Examples of how Microsoft uses it:

  • Platform Voice is a feature of the Speech Service on Azure that offers "off-the-shelf" voice models for public use. Platform Voices are also used in several Microsoft products including the Edge Browser, Narrator, Office, and Teams.
  • Custom Voice is a feature of the Speech Service on Azure that allows you to build a synthetic voice model using recordings from a voice talent to represent a specific persona for a corporation/enterprise.
  • Microsoft and/or Windows system voices are included in the Windows operating system. They are also used in several applications such as Narrator, Cortana, Edge Read Aloud, and Teams.

What to expect when recording: Contributing at least 6,000 lines to produce a good quality voice font.

Neural TTS

How it works: Neural TTS synthesizes speech using deep neural networks that have "learned" the way phonetics are combined in natural human speech rather than using classical programming or statistical methods. In addition to the recordings of a target voice talent, neural TTS uses a source library that contains voice recordings from many different speakers.

What to know about it: Because of the way it synthesizes voices, neural TTS can produce styles of speech that weren't part of the original recordings, such as changes in tone of voice and affectation. Neural TTS voices sound fluid and are good at replicating the natural pauses, idiosyncrasies, and hesitancy that people express when they're speaking. Those who hear synthetic voices made via neural TTS tend to rate them closer to human speech than standard TTS voices.
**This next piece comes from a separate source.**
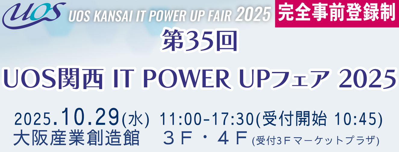 このたび、弊社は 第35回 ユーオス関西 IT POWER UP フェア2025 に出展いたします。
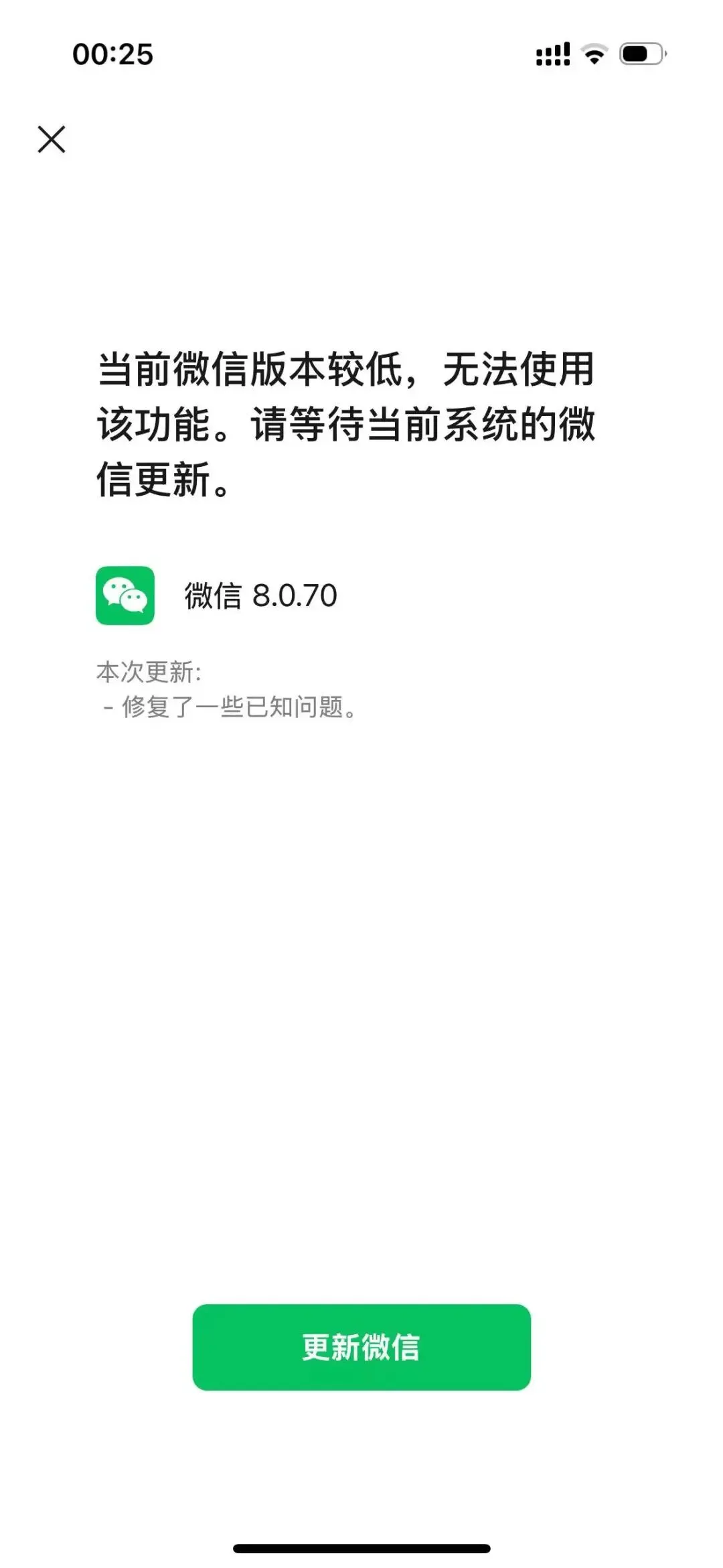 升级你的微信版本:微信版本不能太老,实测需要更新到 微信 8.0.70 及以上。否则扫码后会提示“当前微信版本较低,无法使用该功能”。

Examples of how Microsoft uses it:

  • Platform Voice is a feature of the Speech Service on Azure that offers "off-the-shelf" voice models for public use. Platform Voices are also used in several Microsoft products including the Edge Browser, Narrator, Office, and Teams.
  • Custom Neural Voice is a feature of the Speech Service on Azure that allows you to create a one-of-a-kind custom synthetic voice model for your brand. The following capabilities are used to produce Custom Neural Voices:
    • Language transfer can express in a language different from the original voice recordings.
    • Style transfer can express in a style of speaking different from the original voice recordings. For example, a newscaster voice.
    • Voice transformation can express in a manner different from the original voice recordings. For example, modifying tone or pitch to create different character voices.
    • Other voices used in Microsoft's products and services, such as Cortana.

What to expect when recording: Contributing at least 300 lines for a proof of concept voice model and about 2,000 lines to produce a new voice model for production use.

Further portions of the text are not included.